PERSIANS AND JEWS HAVE NOT ALWAYS BEEN ENEMIES

 

Who still reads the Bible in Israel, at least in government circles? We can wonder after Benjamin Netanyahu’s recent visit to Moscow. And Vladimir Putin, whose atheistic education can be an excuse, does not seem to be better informed.

When received at the Kremlin, the Israeli Prime Minister violently criticized Iran, which is allied to Russia in the Middle East: "2,500 years ago,” he said, “there was an attempt in Persia to annihilate the Jewish people", recalling the festival of Purim (12 and 13 March) which, according to Jewish tradition, celebrates the Jews’ victory over those who had then planned to exterminate them.

"Today's Iran, the heir of Persia, is renewing the attempt to destroy the Jewish State.  They say so in the clearest way: they write it on their missiles”, Netanyahu added.

"Maybe, but that was in the 5th century BC,” the Russian president replied ironically, but no more accurately. "Today, we live in a different world," he concluded.

A different world, no doubt. But what happened in the 5th (or 4th, we don’t know for sure) century BC has nothing to do with what either Netanyahu or Putin said.

The history of pre-Christian antiquity shows quite the opposite:  the Jews then had no better ally than the Persians.
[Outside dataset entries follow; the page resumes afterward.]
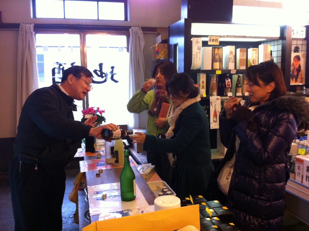 喜多方は蔵の暮らしの街といわれているのが特徴で、蔵を見学しなければと事前に「若喜商店」に連絡を入れ、蔵の見学希望を申し出たところ、ご主人自らが案内してくれました。「座敷蔵」という蔵を利用して大事なお客様をおもてなしする座敷を見学しました。蔵は味噌や醤油、酒などの醸造にも適しているため、出汁醤油の飲み比べ、日本酒の利き酒など、ご主人のユーモアたっぷりなトークとともに楽しませてもらいました。ここで夜に向けて日本酒を仕入れました。
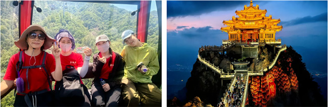 第二站,游览国家5A级旅游景区、峰林仙境、十里画屏——老君山,道教主流全真派圣地,位于河南省洛阳市栾川县城东南三公里处,老君山是秦岭余脉八百里伏牛山的主峰,海拔高达2200余米。被道教尊称为太上老君的李耳(即老子)曾在此山修炼,唐太宗因此将景室山改名为老君山,观老子文化苑、亚洲最高老子铜像、崇玄馆、三重太极合广场,乘座景区中灵索道登老君山领略八百里伏牛山主峰,参观中天门、道德府、金顶等景区。晚上观看老君山夜景,夜色笼罩下的老君山金殿,金光闪闪,比起白天的庄严肃穆,多了几分朦胧与梦幻。大家登上山顶纷纷感叹老君山在仙云雾绕中的美景和大自然的鬼斧神工。
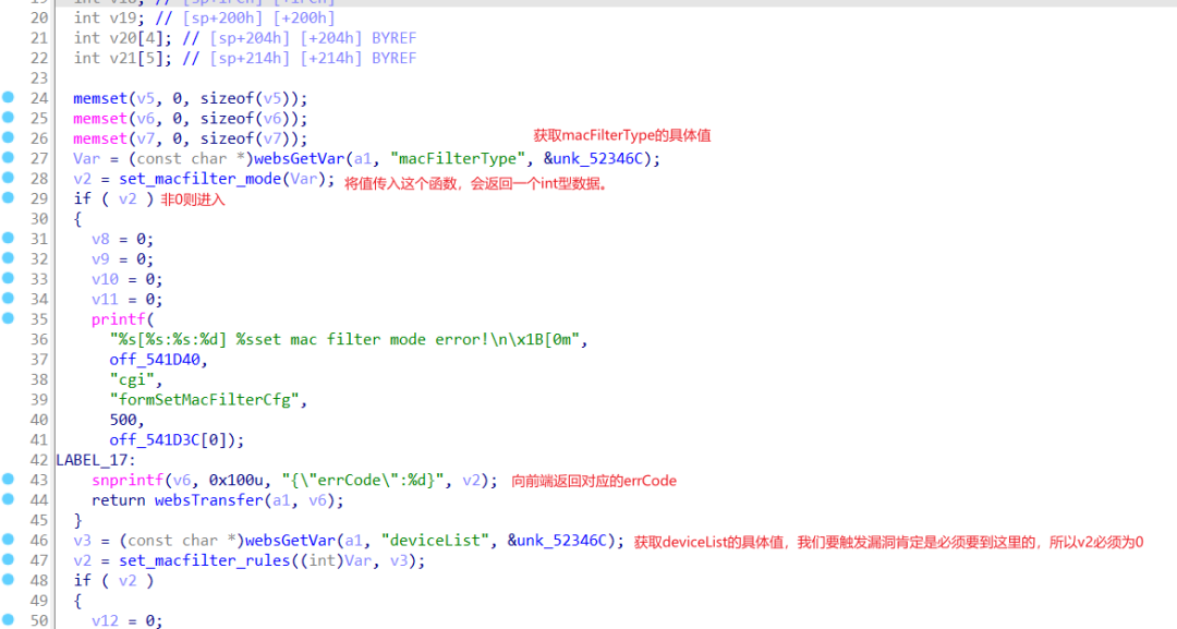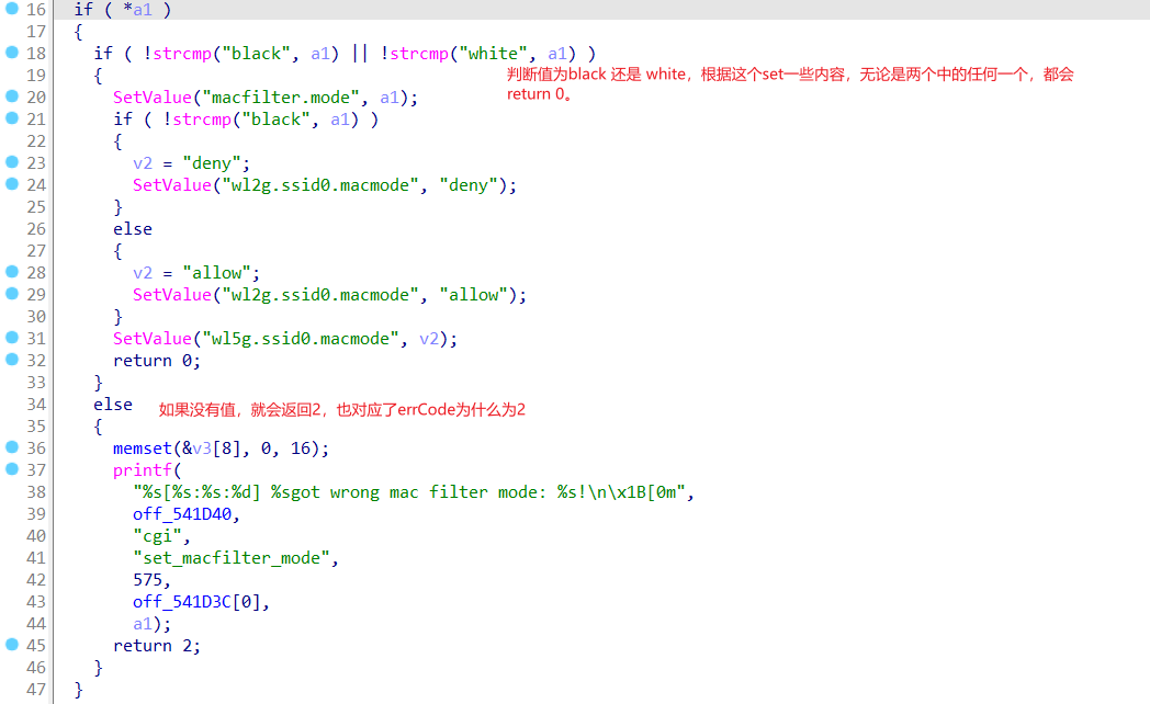 返回了个{“errCode”:2},我们到formSetMacFilterCfg函数内部,查看setMacFilterCfg接口对应的处理过程,需要注意的是这些地方。
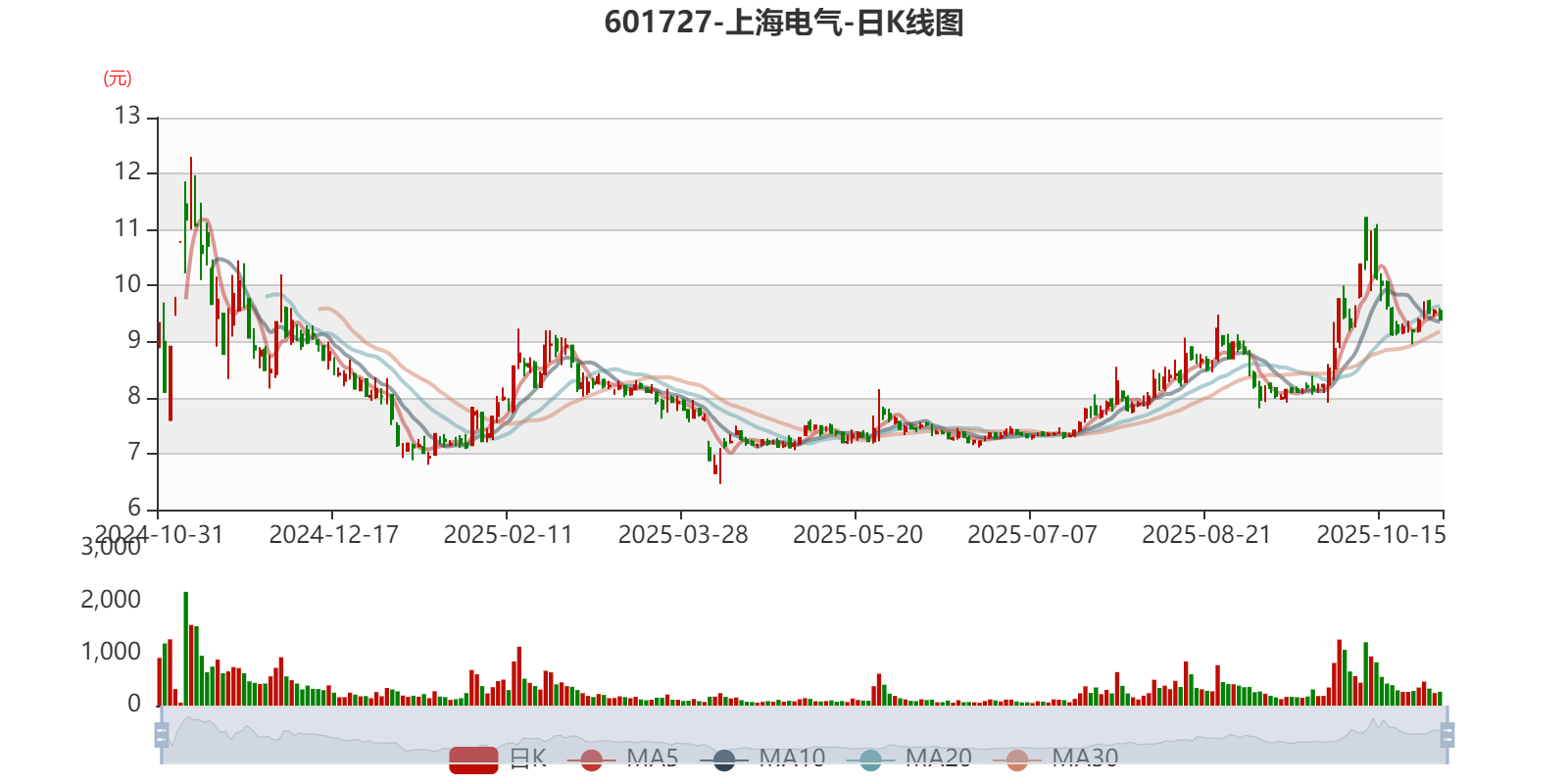 以10月30日收盘价计算,上海电气目前市盈率(TTM)约为174.6倍,市净率(LF)约2.7倍,市销率(TTM)约1.2倍。

The Jews were deported to Babylon by the Chaldeans as a result of the conquest of Jerusalem by king Nabuchodonosor in 586 BC. Fifty years later, the Jews were set free by Cyrus, king of Persia. In the meantime, the Persians    had eliminated the Chaldeans and taken Babylon.

Cyrus did not merely set the Jews free; he resettled some of them in Jerusalem: 40, 000 returned; the others stayed in Mesopotamia. He appointed a Jewish governor, Nehemiah. It was under Persian political domination that the Temple of Jerusalem was rebuilt. Moreover, that was when the Hebrew Bible was developed in the version we know today. Even if it traditionally comes from Moses (at least the first five books containing the Torah), most historians believe that the hard core was written down at the time of Nehemiah under Cyrus’s protection. It is barely an exaggeration to say that the substance of Judaism took shape under Persian supervision.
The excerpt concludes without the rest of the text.